▸ **Description of the task**: Reproduce the opening lines of the listing below exactly, stopping after the line that contains "Le couple Laura" and leaving out any pictures.

▸ **Data**:

--- START ---

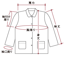 | デザイン詳細 | 前開き(前ボタン、ボタン前開き)、衿付き(シャツ衿・ラウンドカラー)、長袖、上着 ポケット 付き(両サイド・両側ポッケ)、長パンツ(長ズボン) | |
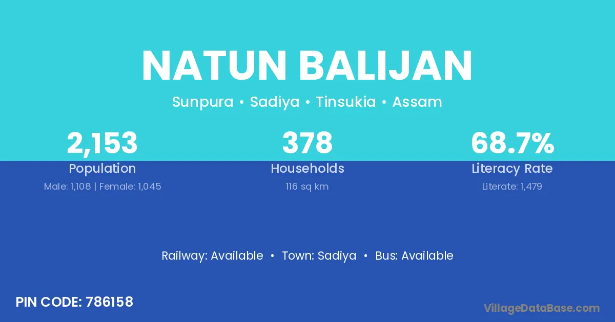 Sadiya is the nearest town to Natun Balijan village for major economic activities
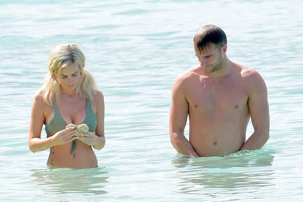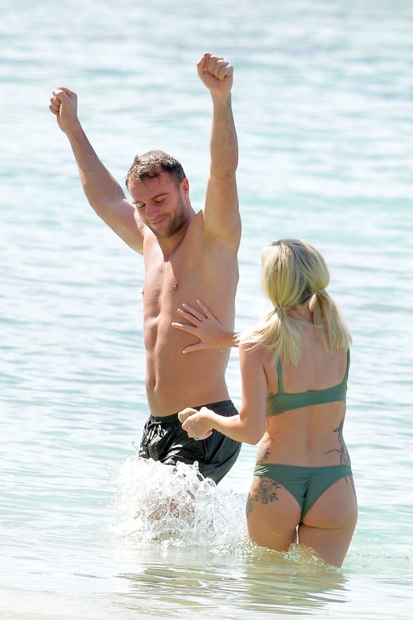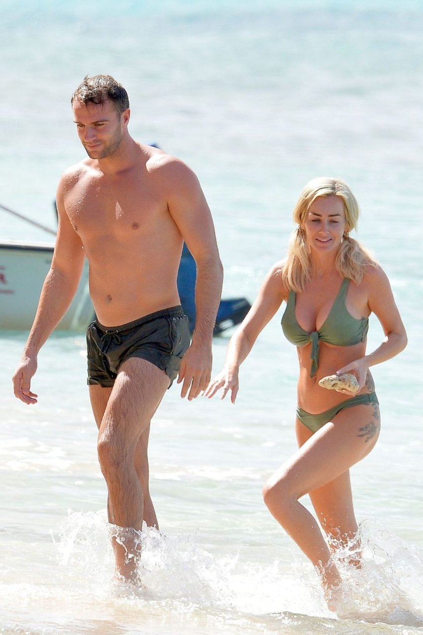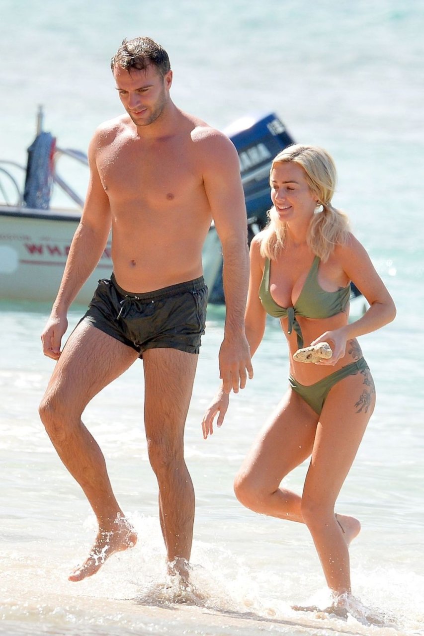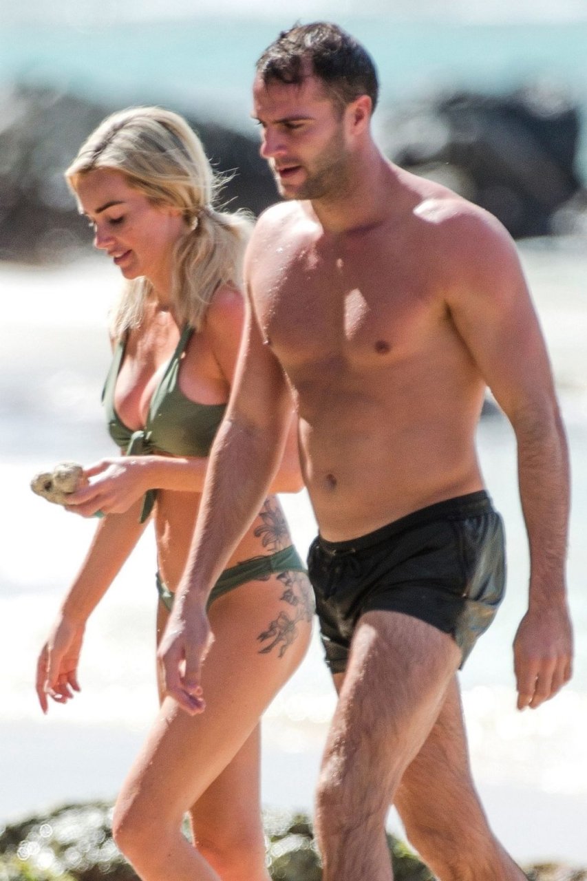 Le couple Laura Anderson et Max Morley est photographié à la Barbade, le 12/10/2018. La blonde de 29 ans a exhibé son corps sexy tatoué en bikini sur la plage.
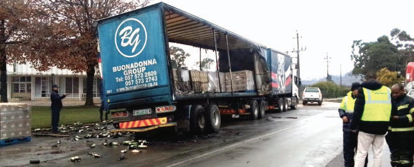 ‘n VRAGMOTOR van die Buonadonna Groep wat Maandagoggend 15 Julie met ‘n vrag appelsap op pad was na Ceres Fruit Juices, se remme het vermoedelik aan die brand geslaan waarna die helfte van die vrag verwoes is. Die voorval het omstreeks 07:50 voor CFG se hoofkantoor in Bon Chretienstraat plaasgevind. Niemand is beseer nie en die brand is vinnig geblus. Die vrag appelsap was van die RBI Wadeville fabriek na Ceres onderweg en sou minute later afgelaai word op die perseel.

--- END ---

▸ **Task output**:
 | デザイン詳細 | 前開き(前ボタン、ボタン前開き)、衿付き(シャツ衿・ラウンドカラー)、長袖、上着 ポケット 付き(両サイド・両側ポッケ)、長パンツ(長ズボン) | |
 Sadiya is the nearest town to Natun Balijan village for major economic activities
 Le couple Laura Anderson et Max Morley est photographié à la Barbade, le 12/10/2018. La blonde de 29 ans a exhibé son corps sexy tatoué en bikini sur la plage.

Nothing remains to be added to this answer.